Below is my email to Pavel and Billy when we discussed this issue by email a while back:
The difference between use_internal_variance=True/False is explained in Luc's document here:
libtbx.pdflatex $(libtbx.find_in_repositories cctbx/miller)/equivalent_reflection_merging.tex
Essentially use_internal_variance=False uses only the unmerged sigmas to compute the merged sigmas, whereas use_internal_variance=True uses instead the spread of the unmerged intensities to compute the merged sigmas. Furthermore, use_internal_variance=True uses the largest of the variance coming from the spread of the intensities and that computed from the unmerged sigmas. As a result, use_internal_variance=True can only ever give lower I/sigI than use_internal_variance=False. The relevant code in the cctbx is here:
https://sourceforge.net/p/cctbx/code/HEAD/tree/trunk/cctbx/miller/merge_equi...
Aimless has a similar option for the SDCORRECTION keyword, if you set the option SAMPLESD, which I think is equivalent to use_internal_variance=True. The default behaviour of Aimless is equivalent to use_internal_variance=False:
http://www.mrc-lmb.cam.ac.uk/harry/pre/aimless.html#sdcorrection
"SAMPLESD is intended for very high multiplicity data such as XFEL serial data.
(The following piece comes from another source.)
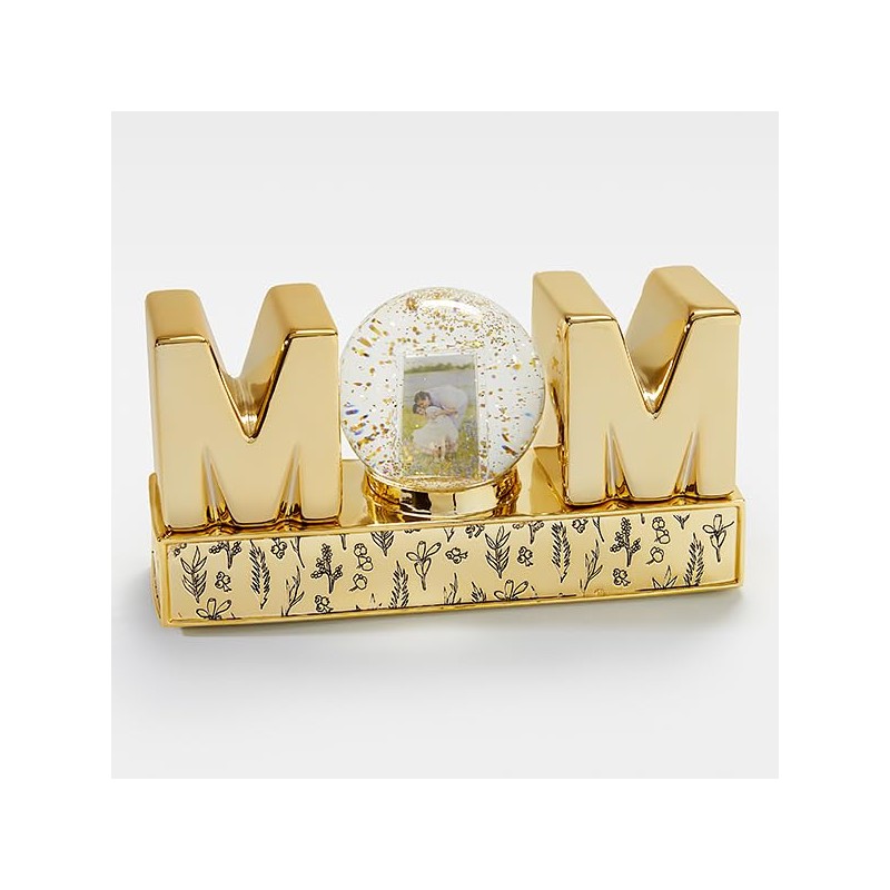- KEY DETAILS – The ornate gold tone snowglobe features a classic globe on a gold leaf-accented base, bordered by two Ms to spell out the word MOM. With a wind at the back, the snow globe plays “Spring Song.”

The final SDs are estimated from the weighted population variance, assuming that the input sigma(I)^2 values are proportional to the true errors. This probably gives a more realistic estimate of the error in <I>. In this case refinement of the corrections is switched off unless explicitly requested."
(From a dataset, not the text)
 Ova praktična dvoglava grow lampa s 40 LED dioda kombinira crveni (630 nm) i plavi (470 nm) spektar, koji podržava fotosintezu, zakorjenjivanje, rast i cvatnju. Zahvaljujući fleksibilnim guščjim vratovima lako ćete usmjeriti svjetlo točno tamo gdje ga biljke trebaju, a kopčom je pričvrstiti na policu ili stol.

I think that the "external" variance is probably better if the sigmas from the scaling program are reliable, or for low multiplicity data. For high multiplicity data or if the sigmas from the scaling program are not reliable, then "internal" variance is probably better.
Cheers,
Richard
Dr Richard Gildea Data Analysis Scientist Tel: +441235 77 8078
Diamond Light Source Ltd. Diamond House Harwell Science & Innovation Campus Didcot Oxfordshire OX11 0DE
________________________________________ From: [email protected] [[email protected]] on behalf of Keitaro Yamashita [[email protected]] Sent: 01 November 2016 07:23 To: cctbx mailing list Subject: [cctbxbb] use_internal_variance in iotbx.merging_statistics
Dear Phenix/CCTBX developers,
iotbx/merging_statistics.py is used by phenix.merging_statistics, phenix.table_one, and so on. By upgrading phenix from 1.10.1 to 1.11, merging statistics-related codes were significantly changed.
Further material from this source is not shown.